▶ TASK ITEM:
Give again, exactly as written, each line of the material below starting at the line that contains "Pantofi înalți cu" and ending at the line that contains "MINIATURE BANDED MAHOGANY". Both ends count, and no other line does.

▶ DATA IN THIS EXERCISE:
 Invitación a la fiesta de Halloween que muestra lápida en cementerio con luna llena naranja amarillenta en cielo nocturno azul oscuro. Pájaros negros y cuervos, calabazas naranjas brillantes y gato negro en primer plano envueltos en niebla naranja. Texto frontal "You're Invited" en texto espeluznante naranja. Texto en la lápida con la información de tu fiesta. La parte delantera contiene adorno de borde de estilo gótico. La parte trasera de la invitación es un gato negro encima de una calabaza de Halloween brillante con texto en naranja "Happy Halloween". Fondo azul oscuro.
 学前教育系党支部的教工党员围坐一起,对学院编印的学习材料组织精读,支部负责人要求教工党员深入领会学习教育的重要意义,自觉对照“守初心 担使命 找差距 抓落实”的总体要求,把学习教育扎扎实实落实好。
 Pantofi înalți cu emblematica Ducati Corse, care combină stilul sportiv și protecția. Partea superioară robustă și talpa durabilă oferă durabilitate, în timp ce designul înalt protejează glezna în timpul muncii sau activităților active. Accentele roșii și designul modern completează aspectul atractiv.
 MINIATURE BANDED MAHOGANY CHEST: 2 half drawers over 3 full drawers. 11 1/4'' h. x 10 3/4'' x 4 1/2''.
...
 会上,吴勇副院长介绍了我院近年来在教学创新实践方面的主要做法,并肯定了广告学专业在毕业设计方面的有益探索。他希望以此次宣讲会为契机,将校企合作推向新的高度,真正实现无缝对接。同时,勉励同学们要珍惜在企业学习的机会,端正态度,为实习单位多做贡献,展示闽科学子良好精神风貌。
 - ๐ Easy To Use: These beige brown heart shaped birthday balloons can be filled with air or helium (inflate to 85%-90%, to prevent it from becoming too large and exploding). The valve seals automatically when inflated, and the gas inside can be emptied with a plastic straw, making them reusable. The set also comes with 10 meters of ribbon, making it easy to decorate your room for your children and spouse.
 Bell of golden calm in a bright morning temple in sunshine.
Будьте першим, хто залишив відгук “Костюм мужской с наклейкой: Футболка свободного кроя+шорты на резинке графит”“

▶ RESPONSE BELOW:
 Pantofi înalți cu emblematica Ducati Corse, care combină stilul sportiv și protecția. Partea superioară robustă și talpa durabilă oferă durabilitate, în timp ce designul înalt protejează glezna în timpul muncii sau activităților active. Accentele roșii și designul modern completează aspectul atractiv.
 MINIATURE BANDED MAHOGANY CHEST: 2 half drawers over 3 full drawers. 11 1/4'' h. x 10 3/4'' x 4 1/2''.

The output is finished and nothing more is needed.